C. Breunig (Music); P. Miller (Lab)  |  Feb 12, 2018
This programme by a Belgian piano trio which debuted in 2011 contrasts those by Shostakovich, written (No 1) as a teenager, the other during the war years. His contemporary Sergei Prokofiev is represented by the Cinq Mélodies, ‘songs without words’, revised in 1925 for violin and piano, and the early Ballade for cello and piano. It’s quite a shock to hear this flamboyant music after the introversion of the Shostakovich masterpiece (especially as the transfer levels leap up for the duos!). Reconstructed from incomplete parts, Trio No1 is a competent essay but the step to the cello’s harmonics opening No 2 is to move to another artistic world altogether.
S. Harris (Music); P. Miller (Lab)  |  Feb 05, 2018
Having scored her biggest international hit with her 2010 album Same Girl [ACT 9024-2], the South Korean-born singing star takes a new direction with this one – her ninth (and fourth for ACT) – recorded at Sear Sound, New York, in Dec ’16, and produced/arranged by keyboard wiz Jamie Saft – he’s also co-writer with Vanessa Saft of track 3, ‘Too Late’. Youn Sun Nah opens with her own five-minute ‘Traveller’, a characteristic blend of strength and melancholy, and goes on to offer an eclectic choice of covers, all beautifully done. Marc Ribot contributes brilliantly to several tracks, with electric and acoustic guitars, from the fast-moving Paul Simon song that’s the title tune to perfect Staples/Al Green funk on Lou Reed’s ‘Teach The Gifted Children’ and a majestic reading of Jimi Hendrix’s ‘Drifting’. It’s a great album with great sound too.

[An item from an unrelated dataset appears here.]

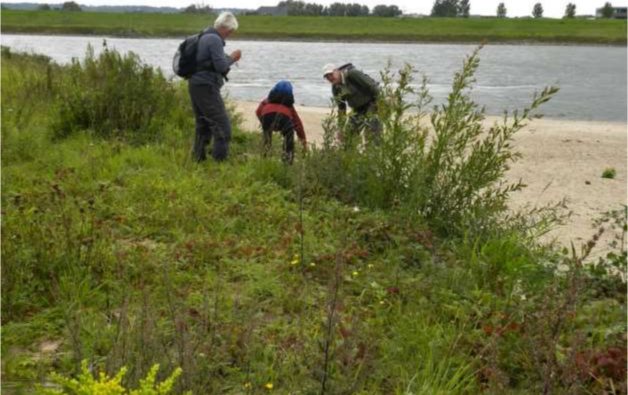
Excursie bij de Waal bij Gendt

B. Willis (Music); P. Miller (Lab)  |  Jan 29, 2018
The Brodbeck trio is a group at the peak of its considerable artistic power. This hour-long instrumental expedition opens with three densely orchestrated, upbeat, and engaging pieces (‘Ich Will Meine Seele Tachen’, ‘Im Strom Der Gezeitzen’ and ‘The Night Comes Soon’) then takes a contemplative detour with ‘Song For The Ancestors’ and the languorous ‘Brahms Ballad’. An extended bass solo in ‘Juno Is Touching Down’ leads to a compellingly rhythmic, melodically forthright section that in turn ushers in a sweet piano passage in ‘Return/No Return’. The punchy ‘Rocka-Roas’ showcases the trio’s interplay, running the gamut from fascinating to maddening with a repeated figure near the end.

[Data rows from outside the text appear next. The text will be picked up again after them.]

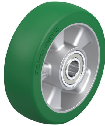
Roue utilisée ALST 150/20K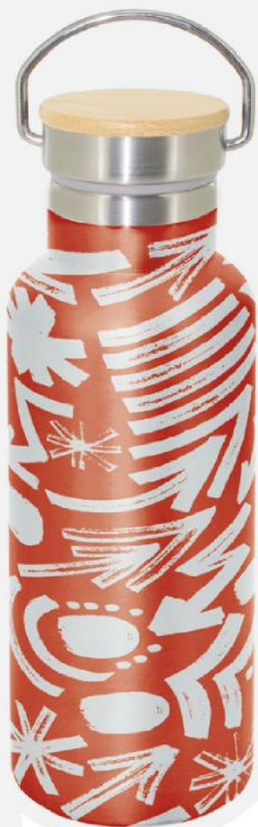
Garrafa térmica de aço de dupla camada aço inoxidável com tampa de bambu. 500 ml. 7x22,50 cm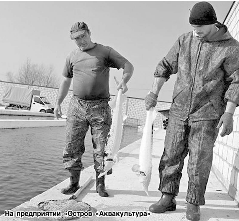
На предприятии «Остров «Аквакультура»

На сегодня в отрасли действуют 63 предприятия, в том числе по разв-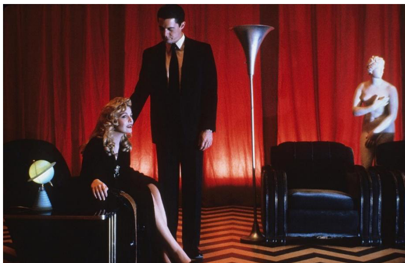
Laura Palmer Twin Peaks: Fuego camina conmigo (1992)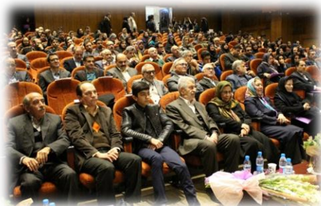
تصویر ۱- مراسم نکوداشت پروفسور حسن ابراهیم زاده معبود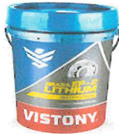
Imagen referencial de la grasa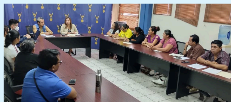
MOVIR señala que la PDDH se declara incompetente, en facilitar la comunicación entre privados de libertad y sus familias.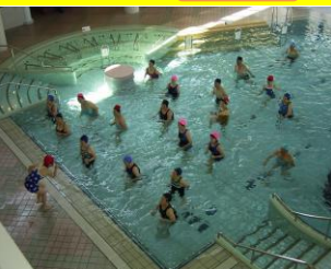
▲1 海水浴施設「いやしの湯」 高島の綺麗な海水を30℃ほどに温めたプールでタラソテラピー(海洋療法)を体験頂けます。 (水着、水泳帽着用です)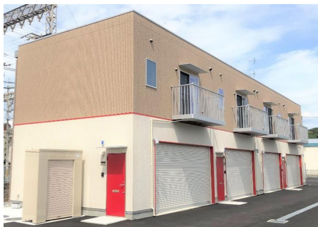
【近鉄☆プレミアムガレージハウス藤井寺 外観】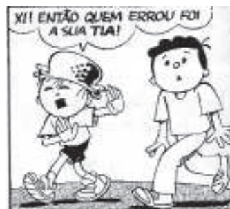
Ziraldo. “O menino maluquinho”. In O Globo , 30/3/2005, Segundo Caderno, p. 9.

C. Breunig (Music); P. Miller (Lab)  |  Jan 22, 2018
Rarely heard live today, these colourful scores by Manuel de Falla have been ‘demonstration disc’ material, right from the early days of LP. Indeed, classic versions were recorded under Ernest Ansermet – his Three-Cornered Hat is still on Speakers Corner 180g vinyl. Falla described Nights (one of Arthur Rubinstein’s favourites) as ‘symphonic impressions’, a better way to think of it than as a piano concerto. The pianist here (married to Kent Nagano) is set rather forward, but so was de Larrocha [Decca].

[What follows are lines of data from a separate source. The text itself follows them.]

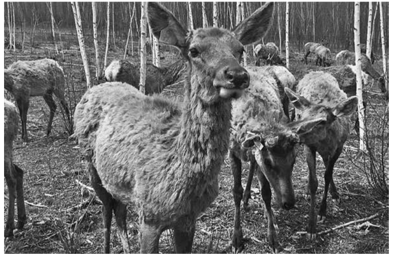
Сейчас на ферме в поселке Лазо содержится 90 маралов

Панты животных обладают целебными свойствами и успешно используются в народной медицине. Из рогов оленей будут изготавливать лекарства, косметику и отвар для целебных ванн.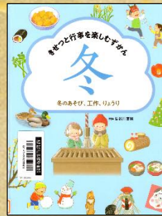
『きせつと行事を 楽しむずかん 冬』 長谷川康男/監修 岩崎書店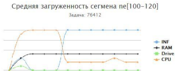
Рис. 3. График использования аппаратных ресурсов расчетной задачей (гидродинамика)

По собранным данным об использовании аппаратных ресурсов строится модель поведения задачи, которая имеет привязку к используемому решателю, модели расчета (данные о которой указываются пользователем) и пользователю системы. Визуализированная модель поведения конкретной задачи показана на рис. 3.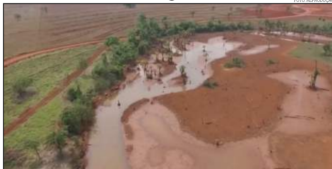
Lagoas da estação que recebem a água do Rio Queimapé estão com níveis baixos

Se a chuva não chegar, o reservatório de água é suficiente para abastecer Tangará da Serra somente pelos próximos 60 dias. O racionamento vai funcionar assim: os bairros serão divididos em dois setores. Cada setor vai receber água dia sim e dia não. Os bairros que possuem poço artesiano não entram no racionamento. Há

J. Black (Music); P. Miller (Lab)  |  Jan 15, 2018
For me, blues has become increasingly a turgid art form, endlessly regurgitating its past, rarely daring to look ahead. Chicago-born, but raised in Colorado, Otis Taylor is a glorious exception to the rule. As a child he focused on banjo, which very probably saved him from learning the same guitar cliches as most bluesmen, and this album is a joy from start to finish, as he explores the true potential of the music he clearly loves. It’s not just that his guitar and banjo playing is tight, precise and terse, but that each note is absolutely right for the space it occupies.